After finding "14. Окунуться в" in a line below, print that line and the rest of the lines exactly, leaving out all pictures.

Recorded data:
------------

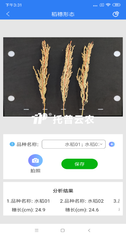 10、自动生成数据列表:测量时间,图片,GPS位置信息,穗长等信息,节约数据整理时间。
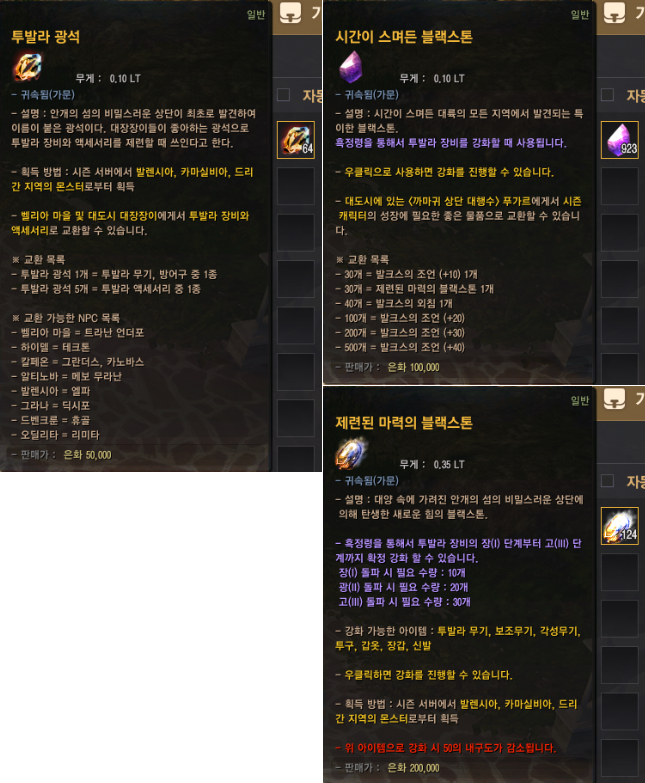 - 일반 서버와 시즌 서버를 구분 짓는 건 시즌 아이템들이에요. 투발라 광석과 시간이 스며든 블랙스톤, 제련된 마력의 블랙스톤 그리고 투발라 장비 아이템인데요.
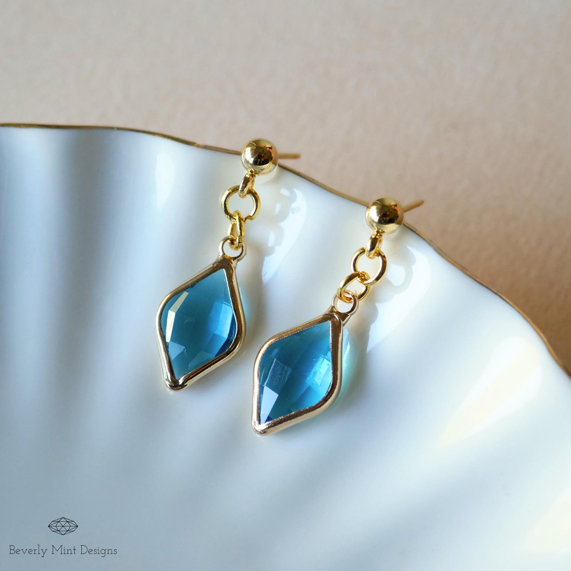 Blue Crystal Stud Earrings , Gold Minimalist Dangle Earrings , Small Drop Earrings for Women ,Something Blue Earrings, Handmade Jewelry Gift
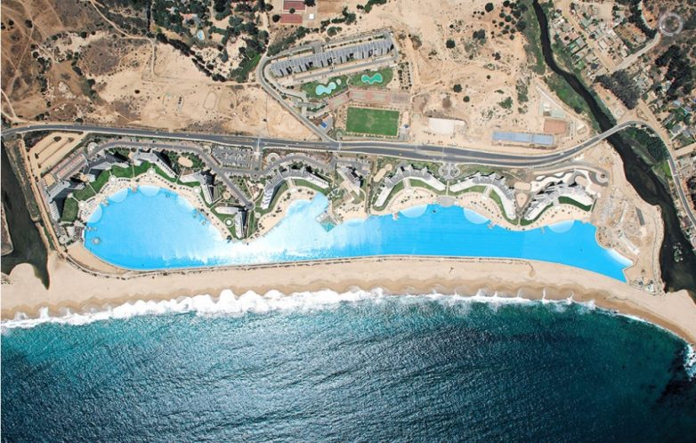 14. Окунуться в крупнейшем бассейне в мире, расположенном на берегу Тихого океана в Чили, на курорте Сан-Альфонсо-дель-Мар. Бассейн вмещает более 250 тысяч кубометров воды, его площадь составляет 8 гектаров, а глубина — 35 метров.
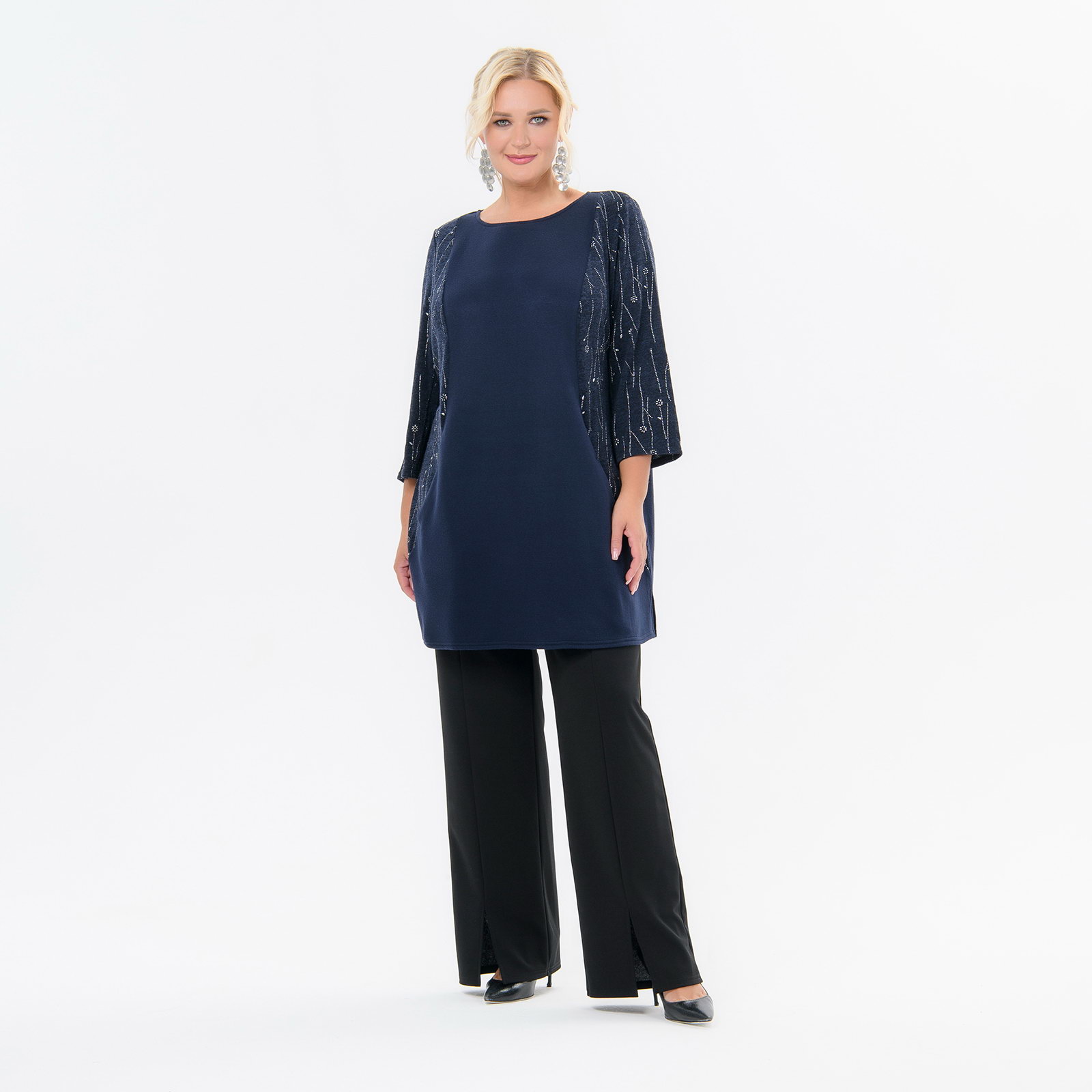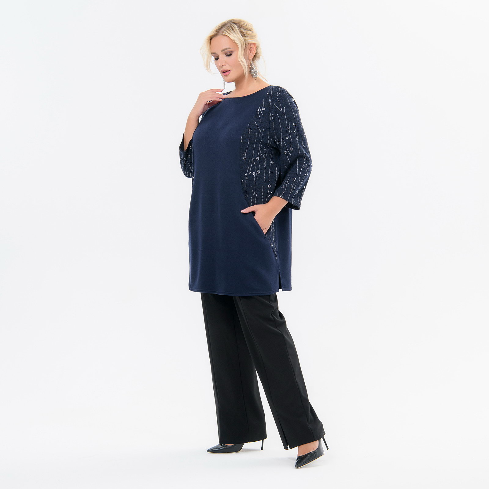Туника прямого силуэта с карманами, ангора темно-синяя, бочки с серебром

------------

→ **Solution**:
 14. Окунуться в крупнейшем бассейне в мире, расположенном на берегу Тихого океана в Чили, на курорте Сан-Альфонсо-дель-Мар. Бассейн вмещает более 250 тысяч кубометров воды, его площадь составляет 8 гектаров, а глубина — 35 метров.
Туника прямого силуэта с карманами, ангора темно-синяя, бочки с серебром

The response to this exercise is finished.